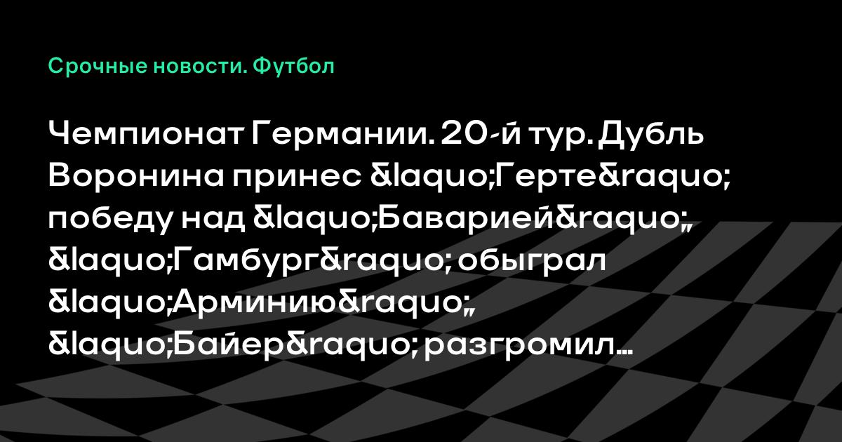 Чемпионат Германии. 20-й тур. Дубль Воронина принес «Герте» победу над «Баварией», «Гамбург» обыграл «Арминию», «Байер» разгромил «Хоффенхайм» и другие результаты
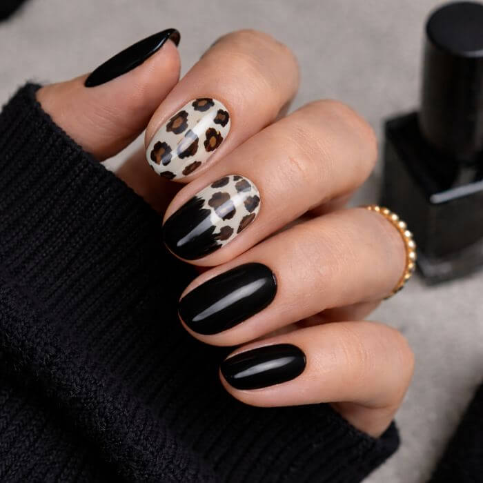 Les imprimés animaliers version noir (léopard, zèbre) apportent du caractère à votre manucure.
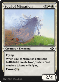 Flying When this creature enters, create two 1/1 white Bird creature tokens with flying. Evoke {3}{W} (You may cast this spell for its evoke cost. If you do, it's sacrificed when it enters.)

▶ [What the task asks]:
Transcribe all of the material exactly, leaving out whatever pictures it contains.

▶ [Response]:
 Чемпионат Германии. 20-й тур. Дубль Воронина принес «Герте» победу над «Баварией», «Гамбург» обыграл «Арминию», «Байер» разгромил «Хоффенхайм» и другие результаты
 Les imprimés animaliers version noir (léopard, zèbre) apportent du caractère à votre manucure.
 Flying When this creature enters, create two 1/1 white Bird creature tokens with flying. Evoke {3}{W} (You may cast this spell for its evoke cost. If you do, it's sacrificed when it enters.)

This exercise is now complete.